IMF, rethink Kenya’s debt sustainability

Signage of IMF at the International Monetary Fund (IMF) headquarters in Washington, DC. FILE PHOTO | AFP

One of the hottest debates today is whether Kenya’s public debt remains sustainable. Debt sustainability analysis is simply forming expectations about the future performance of a country’s debt repayment.

Analysts and credit-rating agencies forecast that Kenya’s public debt is unsustainable and it is time the Treasury re-assessed our debt sustainability trajectory.

On the hand, the Treasury holds that Kenya’s public debt remains sustainable, a position the Treasury Cabinet Secretary reiterated in his budget statement last week. To showcase their confidence in the country’s debt sustainability, Kenya will be borrowing a record Sh930 billion in the coming financial year. This confidence is backed by the IMF which also holds the same position that the country’s debt remains sustainable.

Before we get into the question of debt sustainability, there is one inconsistency in the budget. In the recent IMF Country Status Report, the Treasury planned to float Eurobonds amounting to Sh781 billion within 18 months from April, with Sh550 billion going exclusively to debt management.

So far, Kenya plans to float a Eurobond before the end of this financial year which is end of June. But in the budget, the Treasury states that external debt redemption is only Sh262 billion.

If Treasury plans to refinance only Sh262 billion worth of foreign debt, does that mean Sh519 billion is what it plans to borrow before the close of this financial year? Or has the Treasury disembarked from the IMF debt management programme?

On Kenya’s debt sustainability, the IMF is misleading the Treasury, though this is not new. The IMF has a history of inaccurately forecasting economies in distress; Greece in 2010-2012 and Argentina in 2018-2020.

First, to conduct a quality debt sustainability analysis, it is crucial to accurately forecast a country’s economic growth prospects to determine capacity to respond to its repayment obligation. But both the Treasury and IMF always have an optimism bias when modelling economic growth prospects. In this financial year, despite being knee-deep in a global pandemic that shut nearly all sectors of the economy, the Treasury had its growth target at more than three percent.

In the coming financial year, the Treasury has a growth prospect of 6.3 percent and believes we will achieve it even before we achieve herd immunity.

Second, IMF’s debt sustainability analysis framework has been noted to have a significant weakness, the reason for its late detection of economies in debt distress.

Its debt sustainability analysis framework separates balance of payment from the assessment of public debt sustainability. It uses a single template, which is public debt to GDP as the main indicator, regardless of the domestic and external vulnerabilities. For the IMF, if a country’s debt level allows them to roll over matured debt at low risks and enhance growth potential, then the country is on a sustainable path.

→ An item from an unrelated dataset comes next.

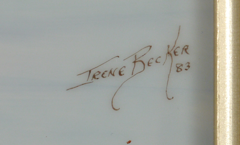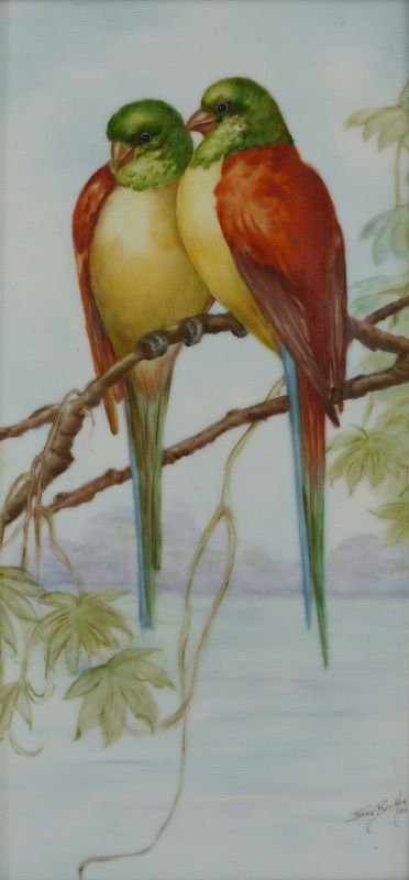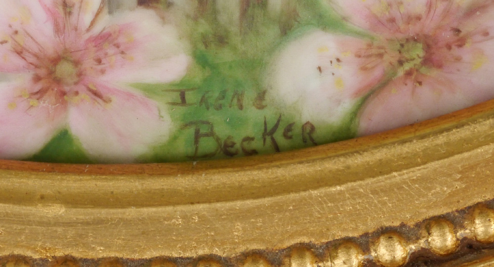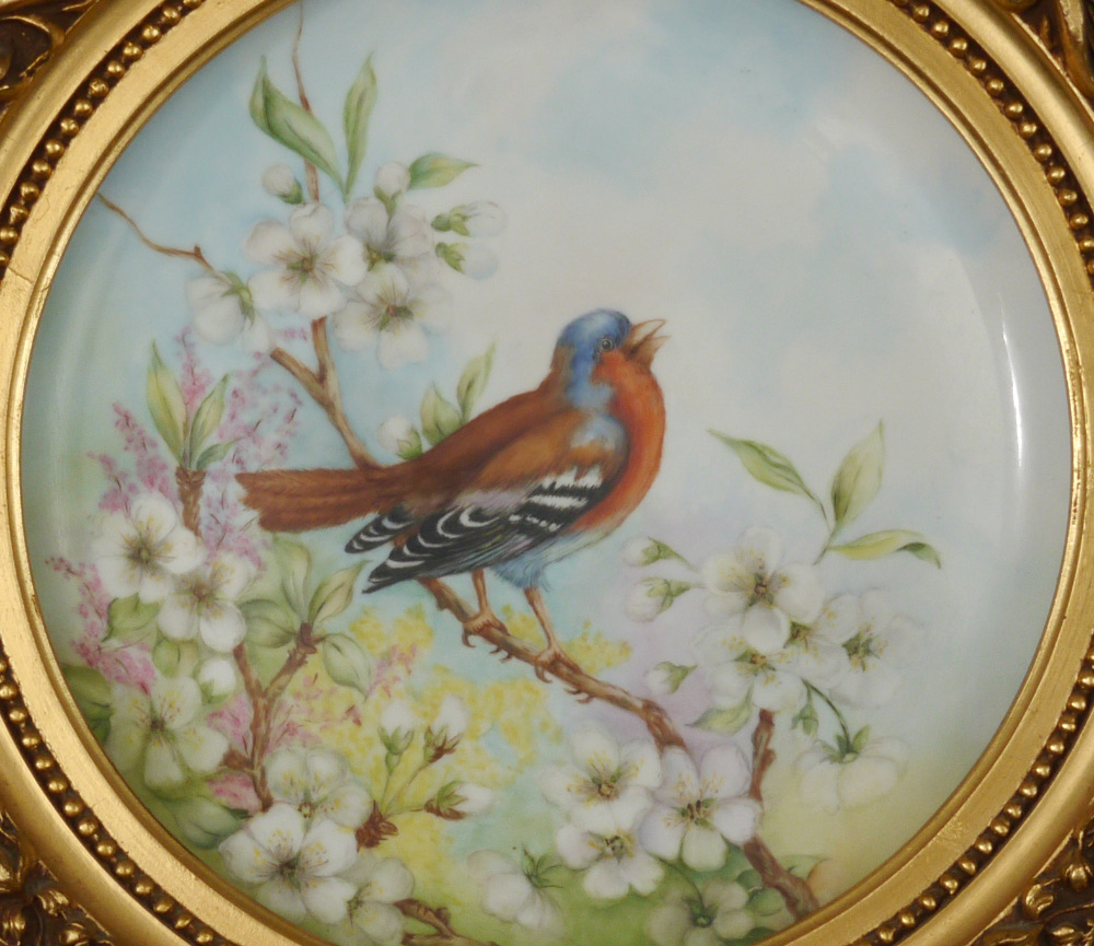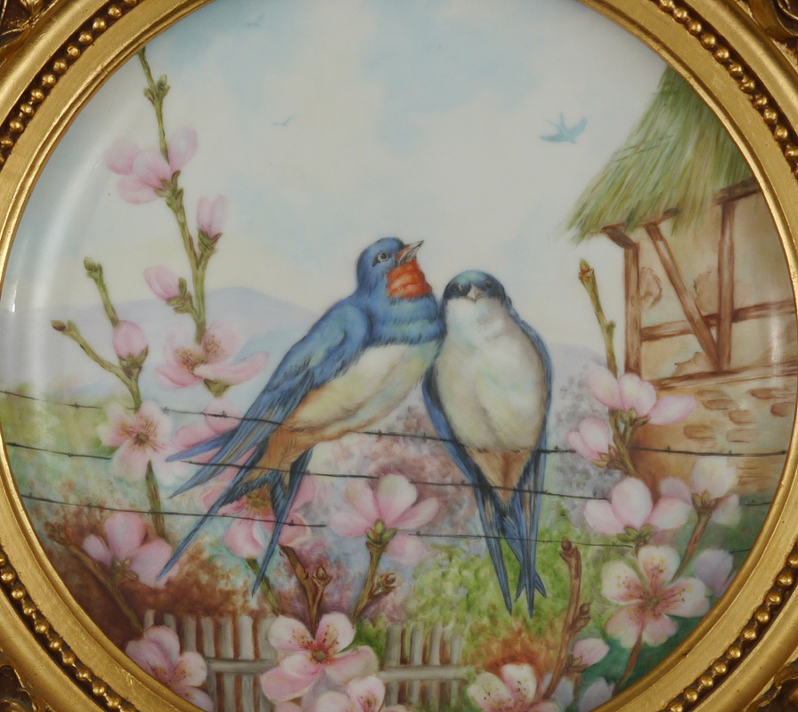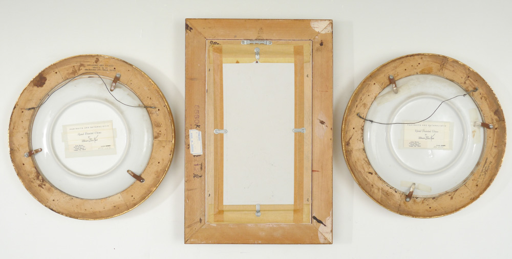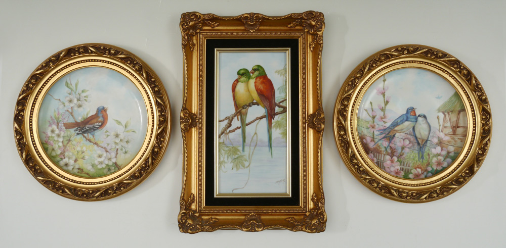 BECKER, Irene (American 1925-2014): Group of 3 painted porcelain plaques depicting birds in ornate gold gilt frames. Signed by the artist. Round frames measure 13'' and the rectangular 17 1/2'' x 11 1/2''.

Debt servicing cost-to-revenue and foreign debt servicing cost-to-exports, which looks at a country’s vulnerability do not really matter. This is the reason the IMF in its country-status report said Kenya’s public debt is sustainable and at the same time high risk of distress.

Reality is that Kenya is already in debt distress; the recent Institute of Economic Affairs (IEA) Budget Focus Report notes that even though Kenya has not broken the public debt-to-GDP threshold of 74 percent, which is now 63.4 percent in 2021, we have breached the public debt to revenue and grants threshold of 300 percent by 56 percent to stand at 356 percent in 2021.

We have also breached the debt service to revenue and grant ratio threshold which is 30 percent by 38 percent to stand at 68 percent in 2021.

So, it is true that we are two financial years away from a crash as noted by the IEA chief executive Kwame Owino, and IMF will be late to call it.